Preconditions. N and C must be ground terms, that is, they cannot be logical variables or terms containing any logical variables. N must also be a nonnegative integer. The first argument to each constraint, as described below, must be a nonnegative integer that is less than the current value of vector_max in the GNU Prolog finite domain solver. Your code need not check these preconditions; it can assume that the the preconditions hold.

T may contain logical variables, which can represent integers that kenken/3 should fill in, or can represent entire rows, or the entire grid.

Second, write a predicate plain_kenken/3 that acts like kenken/3 but does not use the GNU Prolog finite domain solver. Instead, plain_kenken/3 should enumerate the possible integer solutions using standard Prolog primitives such as member/2 and is/2. Although plain_kenken/3 should be simpler than kenken/3 and should not be restricted to integers less than vector_max, the tradeoff is that it may have worse performance. Illustrate the performance difference on an example of your choice, measuring performance with statistics/0 or statistics/2.

Examples

As a trivial example, kenken(1,[],T) should generate just one answer, T=[[1]]. Slightly less trivially, kenken(2,[],T) should generate two answers, T = [[1,2],[2,1]] and T = [[2,1],[1,2]]. With no constraints, the number of answers grows rapidly with N: for example, kenken(3,[],T) should generate 12 answers, and kenken(4,[],T) should generate 576 answers.
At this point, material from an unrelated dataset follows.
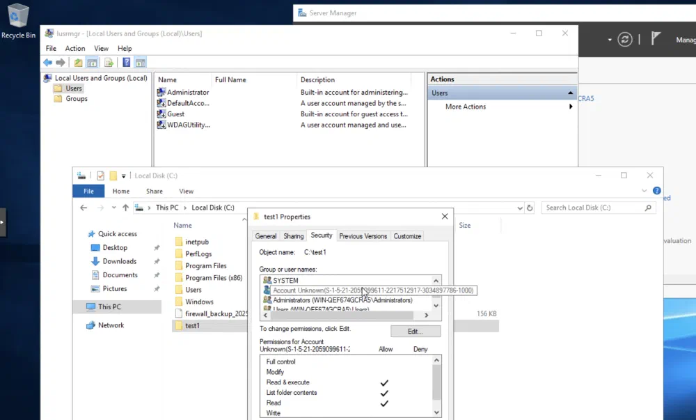 - Windows에서는 동일한 상황에 ‘알 수 없는 사용자’와 SID로 표시됩니다.

Real KenKen puzzles use constraints to narrow the number of solutions to one. Suppose you have the following fact; it represents the above KenKen diagram.

kenken_testcase(
  6,
  [
   +(11, [1-1, 2-1]),
   /(2, 1-2, 1-3),
   *(20, [1-4, 2-4]),
   *(6, [1-5, 1-6, 2-6, 3-6]),
   -(3, 2-2, 2-3),
   /(3, 2-5, 3-5),
   *(240, [3-1, 3-2, 4-1, 4-2]),
   *(6, [3-3, 3-4]),
   *(6, [4-3, 5-3]),
   +(7, [4-4, 5-4, 5-5]),
   *(30, [4-5, 4-6]),
   *(6, [5-1, 5-2]),
   +(9, [5-6, 6-6]),
   +(8, [6-1, 6-2, 6-3]),
   /(2, 6-4, 6-5)
  ]
).

Then, the query:

?- fd_set_vector_max(255), kenken_testcase(N,C), kenken(N,C,T).

should output this (reindented to fit on a printed page):

C = [11+[1-1,2-1], /(2,1-2,1-3), 20*[1-4,2-4], 6*[1-5,1-6,2-6,3-6],
     -(3,2-2,2-3), /(3,2-5,3-5), 240*[3-1,3-2,4-1,4-2], 6*[3-3,3-4],
     6*[4-3,5-3], 7+[4-4,5-4,5-5], 30*[4-5,4-6], 6*[5-1,5-2],
     9+[5-6,6-6], 8+[6-1,6-2,6-3], /(2,6-4,6-5)]
N = 6
T = [[5,6,3,4,1,2],
     [6,1,4,5,2,3],
     [4,5,2,3,6,1],
     [3,4,1,2,5,6],
     [2,3,6,1,4,5],
     [1,2,5,6,3,4]] ?

and if you respond with a ";" the next result should be "no".
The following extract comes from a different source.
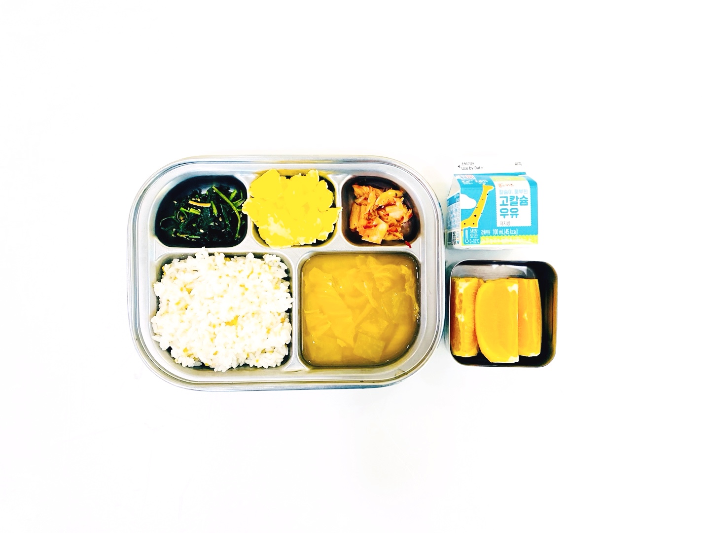 2025.3.14(금) 중식식단 - 기장밥,청국장국,스크램블에그,취나물무침,배추김치 (후)오렌지,우유

Here's another example, of a puzzle that is not valid for strict KenKen because it has multiple solutions. Your solver should be able to generate all the solutions:

kenken(
  4,
  [
   +(6, [1-1, 1-2, 2-1]),
   *(96, [1-3, 1-4, 2-2, 2-3, 2-4]),
   -(1, 3-1, 3-2),
   -(1, 4-1, 4-2),
   +(8, [3-3, 4-3, 4-4]),
   *(2, [3-4])
  ],
  T
), write(T), nl, fail.

This should output:

[[1,2,3,4],[3,4,2,1],[4,3,1,2],[2,1,4,3]]
[[1,2,4,3],[3,4,2,1],[4,3,1,2],[2,1,3,4]]
[[2,1,3,4],[3,4,2,1],[4,3,1,2],[1,2,4,3]]
[[2,1,4,3],[3,4,2,1],[4,3,1,2],[1,2,3,4]]
[[3,1,2,4],[2,4,3,1],[4,3,1,2],[1,2,4,3]]
[[3,2,4,1],[1,4,2,3],[4,3,1,2],[2,1,3,4]]

no

Submit

Submit a file named kenken.pl. If any extra text information is needed, other than what's in the comments, please submit it as a separate text file.